Questo è il primo episodio che troviamo nel Vangelo di Marco. Il personaggio è anonimo. “Perché Mc lo mette all’inizio?”, dobbiamo chiederci. Infatti questo episodio poteva metterlo doveva voleva, altrove, in altre parti del vangelo: “Ma perché allora lo mette proprio qui?”.

Mc lo mette qui perché questa è la chiave di lettura per accogliere Gesù. Gesù, nel brano precedente, chiama gli apostoli a diventare “pescatori di uomini” (Mc 1,17). Quindi, come abbiamo visto domenica scorsa, si trattava di salvare le persone (come si salva un uomo dall’acqua).

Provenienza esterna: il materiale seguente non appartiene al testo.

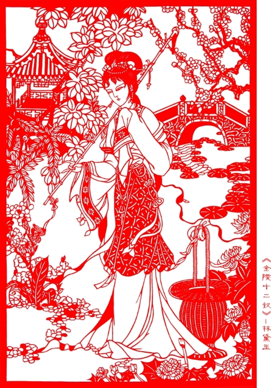 葉長(zhǎng)友剪紙《金陵十二釵》之林黛玉、賈迎春

Cosa ci aspetteremo? Ci aspetteremo che il primo luogo da salvare sia quello dei senza-Dio, degli atei, dei lontani-da Dio, dei pagani. E, invece, no! Gesù non porta i suoi discepoli per salvare gli uomini in luoghi di malaffare o luoghi peccaminosi, ma nei luoghi di culto e nei luoghi religiosi. Sono questi gli ambiti in cui bisogna salvare gli uomini, perché questi luoghi a volte rischiano di dare la morte alle persone che li frequentano. Gesù nel suo insegnamento, vuole liberare le persone da quelle che lui denuncerà come “dottrine degli uomini”, “tradizioni degli antichi”, che nulla hanno a che fare con la volontà di Dio.

 

1,21Giunsero a Cafàrnao e subito Gesù, entrato di sabato nella sinagoga, insegnava.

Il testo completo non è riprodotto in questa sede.